Capacitive Sensor on a standalone AtMega328P

Hi,

I'm working on an standalone AtMega328P project that uses a capacitive sensor as a button, but I'm getting stuck right now. The project does work without problems on an arduino board, but as soon as I upload on a standalone AtMega328P the capacitive sensor is no longer working. The project is an LED lamp. The code is on github here. Also here is my schematic:

I'm currently using the <CapacitiveSensor.h> library with a 50MΩ resistor between pin 4 and 2 with a 100pF capacitor to ground. I was able to get consistant readings with the board, but I get the error value "-2" with the AtMega328P.

If someone can tell me: is it only possible to use capacitive sensor this way with a standalone microcontroller, if not, what can be done? Also, if someone is able to tell me why it cannot work on the microcontroller as a standalone, I'm still very interested in understand how they differ and how to mitigate this.

Capacitive sensors can be sensitive to the grounding plane of your board (or standalone construction). You might try using a star point ground design - where all system grounds are wired directly to the power ground point (rather than all grounds wired together at various points around the board and then occasionally or at one point connected to the power ground. To a dc engineer, this doesn't make sense sometimes (aren't all ground points the same at the same potential?) Yes. but when there are switching signals that act like AC (clocks, PWM any other switched signals), these introduce ac components to the circuit board and cause ac imparted behaviors, such as ground loops, eddy currents and oscillations that can affect capacitive sensors.

It may be in your case that the Arduino board ground plane profile is optimized to minimise such interference, but that your standalone board design doe not account for it. When measuring, your scope (or the negative lead of your meter) should (in most cases) be directly connected to system ground as well.

Thinking of grounds in general, do ensure that all system grounds on all connected systems are connected together to a common system ground point.
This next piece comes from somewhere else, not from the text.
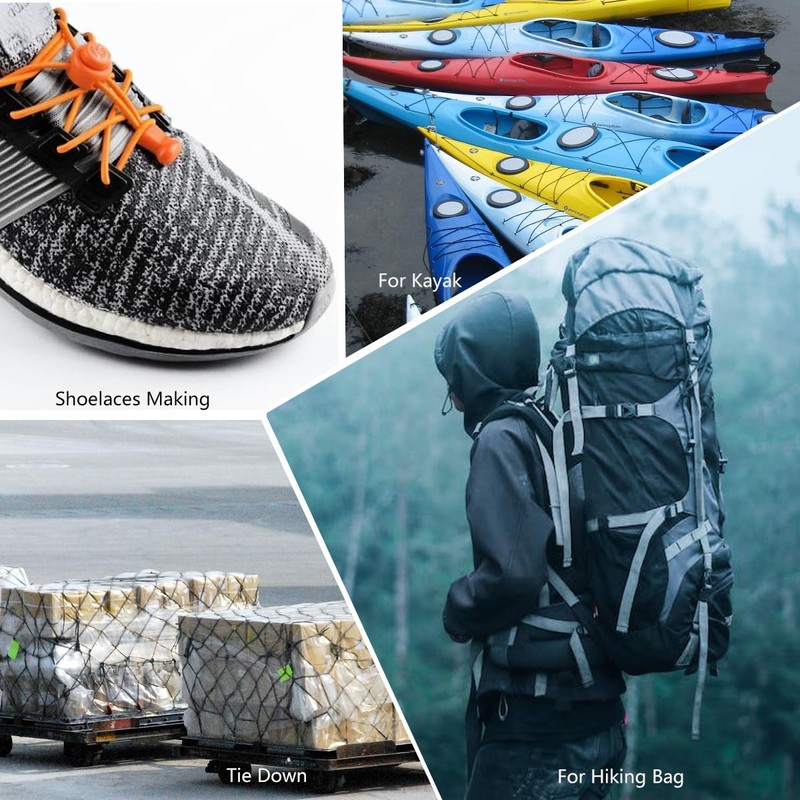--You can use this cord to restring the tie-downs on your kayaks, strap down a tarp, indoor home daily use, and outdoor exercise fitness.

Many experimenters have been undone by not interconnecting all grounds to a common point.

If you're open to alternatives, I have very good experience with the ADCtouch library. It doesn't require any external components, but I've used a series resistor for good measure. a 10k one should work fine if your hardware allows it.

I'll look into it. Might be a solution. I used the library for no other reason that it was the first I found that had a solution for my goal.

Ok, I'm just so f*ing dumb... I plugged the capacitive touch in A2 and A4 not the digital pins. Makes a lot of sense why I was getting a time out error (-2).